[PEAK] TrellisDB basics and imperative programming in the trellis
Phillip J. Eby
pje at telecommunity.com
Tue Aug 21 16:22:51 EDT 2007
[This is a post I was working on last Monday before my PC crashed;
it's slightly out of date relative to my current thinking on the new
algorithm, but it does cover some basic points. Throughout, I'm
commenting in brackets where there are changes since last week.]
In previous posts, I've laid out how TrellisDB will likely work for
queries, using various straightforward ways of mapping changes to
sets into changes on subsets, joined sets, etc.
However, there are some other things that TrellisDB will need to do,
like defining quasi-relational schemas (similar to the EIM model I
created for Chandler), and mapping Component changes to relational changes.
When a component is requested from the DB, it needs to be set up in
such a way that its changes are propagated back as EIM-like
diffs. That is, as a specification of what records to add, modify,
or delete. These changes can then propagate through dependent sets,
and be accumulated in backend write logs to ensure that backends get
updated before the next time they are queried, or whenever an
explicit flush is requested. [08/21 - I'm no longer thinking that
EIM-like diffs are necessarily the best way to propagate this
information; individual backends can simply map set membership
operations onto whatever mechanism is appropriate for the backend.]
In order for these changes to be processed in "real time" (i.e. a
single recalc sweep), there needs to be a way to combine changes from
multiple sources -- the classic "hub" issue.
One of the goals of the priority-heap recalculation algorithm is to
allow hubs to receive information that is "pushed" to them in some
way, without needing to explicitly iterate all possible inputs.

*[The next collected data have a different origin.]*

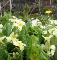 The first native flowers to appear in the woods and hedgerows are primroses, celandines and coltsfoot. Other more delicate flowers are stitchworts, violets and wild strawberry and if you look closely you may find the tiny moschatel, or town hall clock. Later on bigger plants take over - cow parsley, red campion and, in May, bluebells, foxgloves and hawthorn blossom. Hedgerow plants which are less usual in this area are greater celandine and white dead nettle.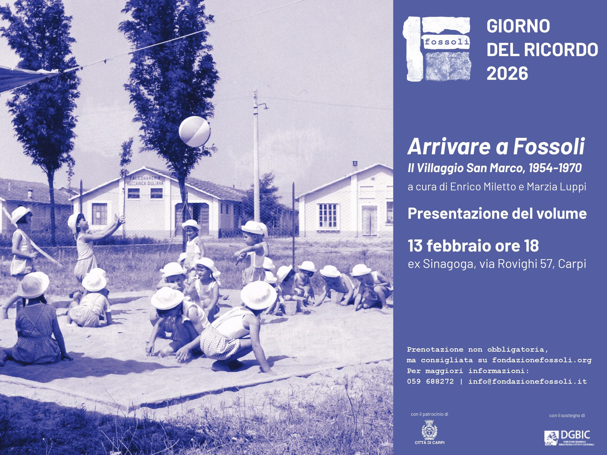 In occasione del Giorno del Ricordo, la Fondazione Fossoli promuove la presentazione del volume "Arrivare a Fossoli. Il Villaggio San Marco, 1954-1970" a cura di Enrico Miletto e Marzia Luppi.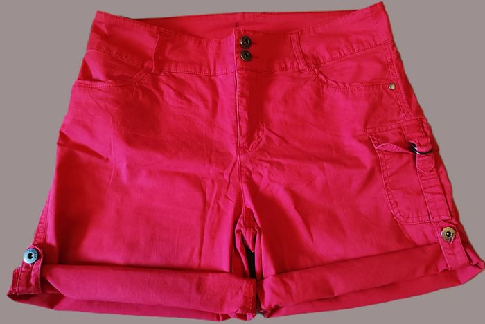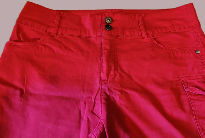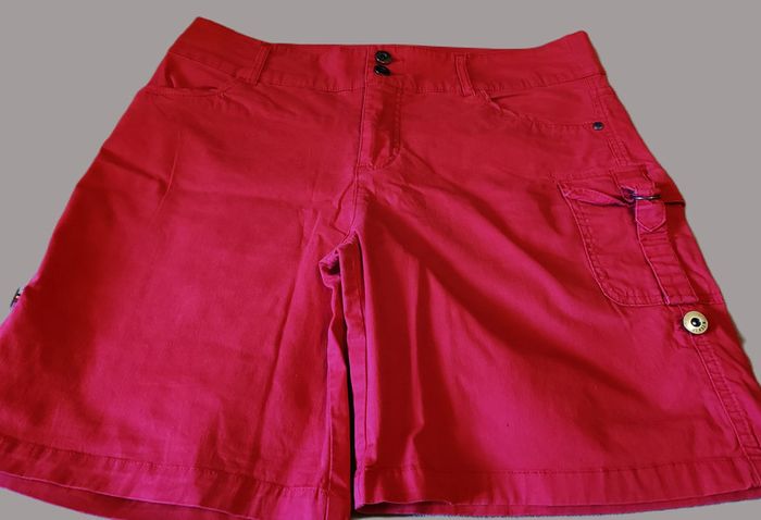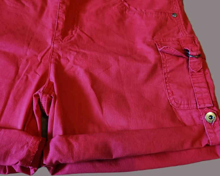 Bermuda rouge taille 42 qui se transforme en short à l'aide d'une sangle accroché à un bouton. 2 boutons et fermeture éclair, passants pour ceinture. 2 poches latérales sur le devant, 1 avec rabat sur le côté et 2 poches à l'arrière. L'étiquette de la marque et de la taille a été enlevée soigneusement par ma maman car ça la gênait (elle était couturière de métier) mais elle avait l'habitude d'acheter des vêtements de qualité (voir dimensions). En parfait état. Taille à plat : 42 cm Le rouge a été altéré par la photo. D'autres vêtements sont en vente dans mon dressing, réduction automatique de 10 à 20% sur les lots à partir de 2 articles achetés.
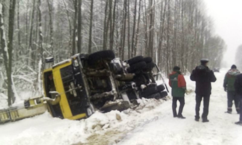 Фотофакт: из-за снега в Светлогорском районе перевернулись МАЗ и легковушка

A side effect of this approach is that it's necessary to roll back
part of the calculation if a "layer inversion" occurs -- if a rule
reads a higher-layered cell than itself. However, if we allow such
rollbacks, then it seems like it should be possible to do the
reverse: roll back modifications when a rule *writes* to a
*lower*-layered cell than itself!
That is, we could perhaps make it possible for trellis rules to write
to cells without needing to be in @action rules, after all. This
would simplify a lot of things, but make other things more difficult.

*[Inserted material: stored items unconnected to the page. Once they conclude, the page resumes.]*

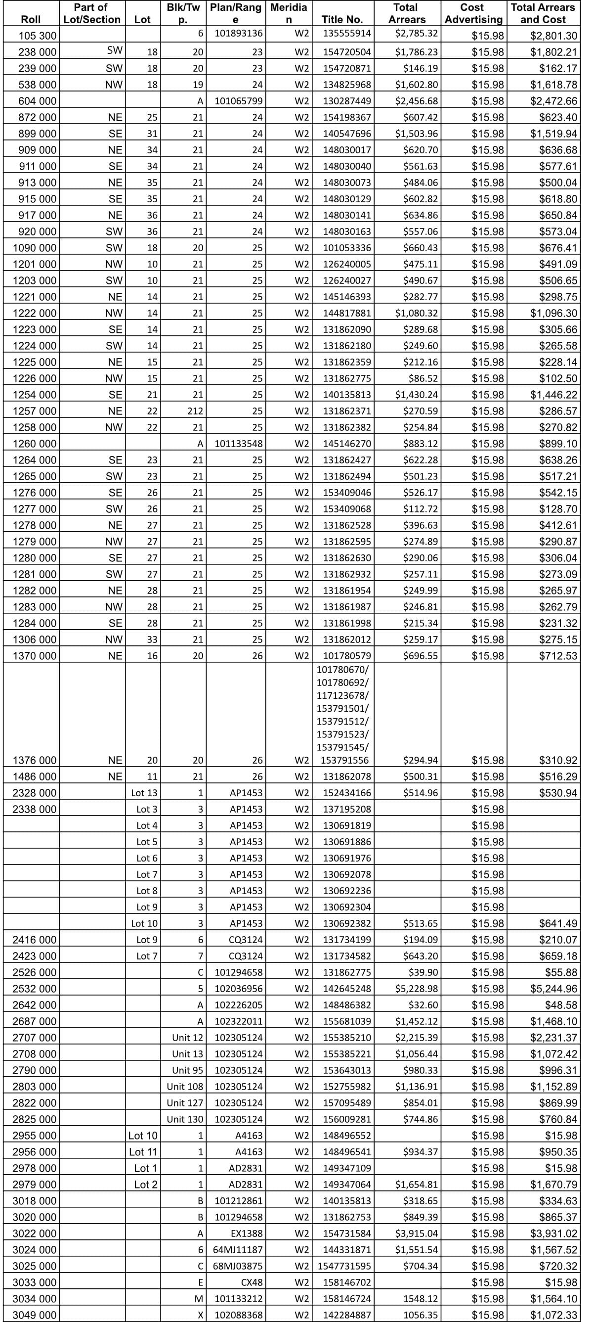 Notice is hereby given under the Tax Enforcement Act that unless the arrears and costs appearing opposite the land and title number described in the following list are fully paid before the 10th day of May 2026, an interst based on a tax lien will be registered against the property.
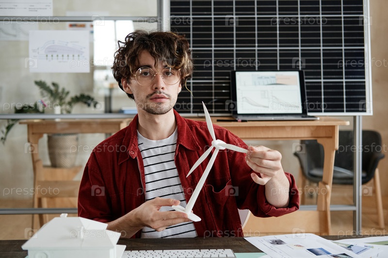 Архитектор с архитектурной моделью в офисе
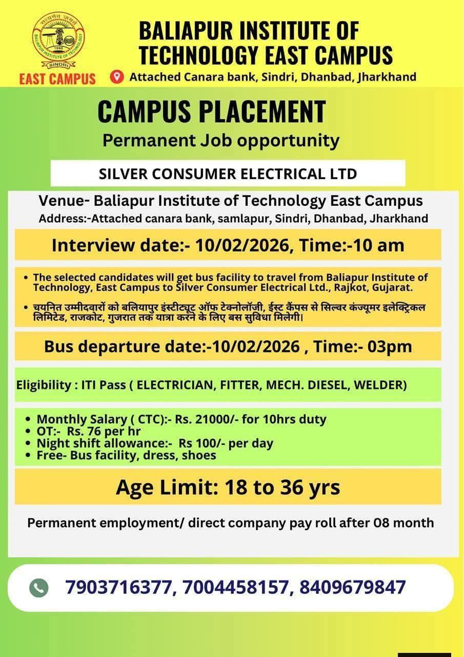 Note: The Selected Candidates will get bus facility to travel from baliapur institute of technology, East Campus to Silver Consumer Electrical Ltd. Rajkot, Gujarat.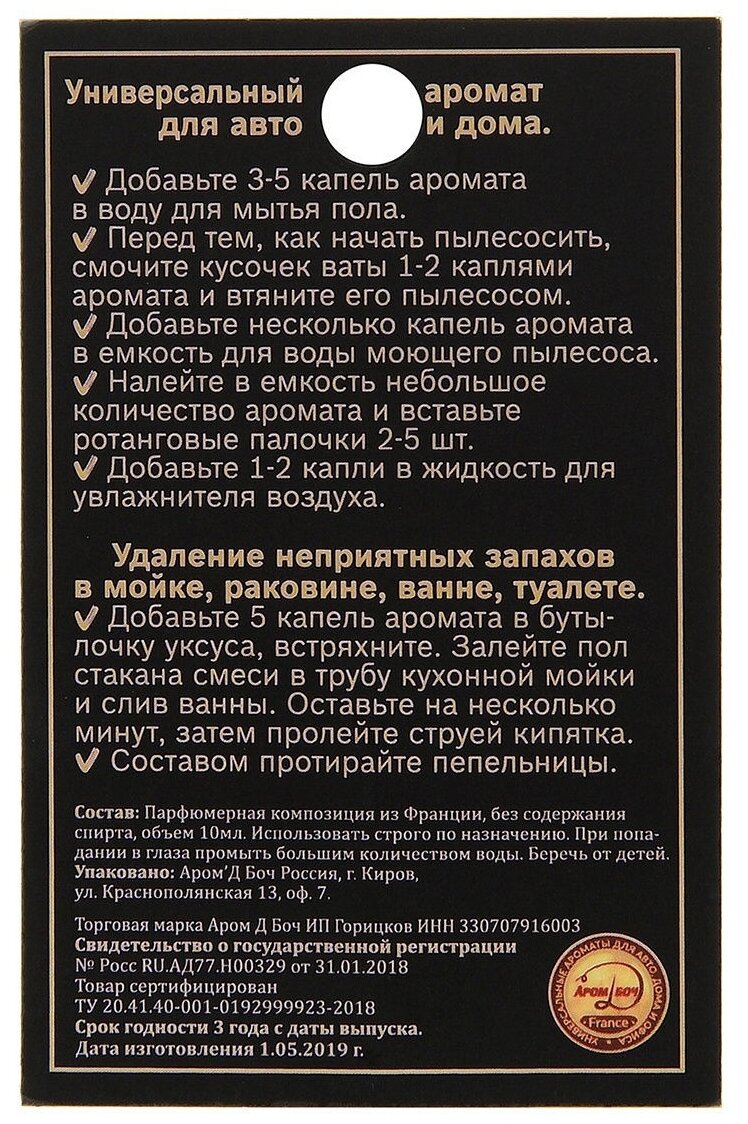 Заправка ароматизатора для автомобиля, парфюмерное масло, дозаправка Аром Д'Боч, 10 мл, Черный опиум

The simplifying part is that you could write everything in a
near-imperative style, as long as you can handle rollbacks. (You
still won't be able to "read the future", though). The difficult
part is that every data structure type will need to handle
rollbacks! This could be simplified a bit through appropriate undo
(or maybe redo) support, though.
The other difficult part is circularity. For reads, circularity
bottoms out by reading the previous value of a cell. For writes, the
naive approach of simply bumping your target's layer and rolling back
to where it was read, would lead to an infinite loop in the case of
circular writes. There'd need to be some way to detect the cycle and
halt it, like counting the number of up-leveling writes and bailing
out at some arbitrary limit. (Probably the simplest way to do this,
is that whenever you raise a cell's layer number by writing to it,
you also renumber all the cells that are observing it,
recursively. If in this process you find yourself back at the
writing cell, you know you have a circular writer.)
The last difficult part is write-conflict management. To support a
truly imperative style, we would need to handle changes by multiple
rules, but we want to maintain order independence. A simple way to
keep order independence would be to logically "lock" a written cell
so that it's "owned" by the rule that writes it; writing to that cell
from anywhere else would then be an error.
But that approach disallows hubs -- the main thing that I'm trying to
support! If you have a shared data structure like a set or
dictionary, it should be possible for multiple rules to add or remove
items, provided that each one sees the same effective "start" state,
and that none of them change anything the others has read, or vice versa.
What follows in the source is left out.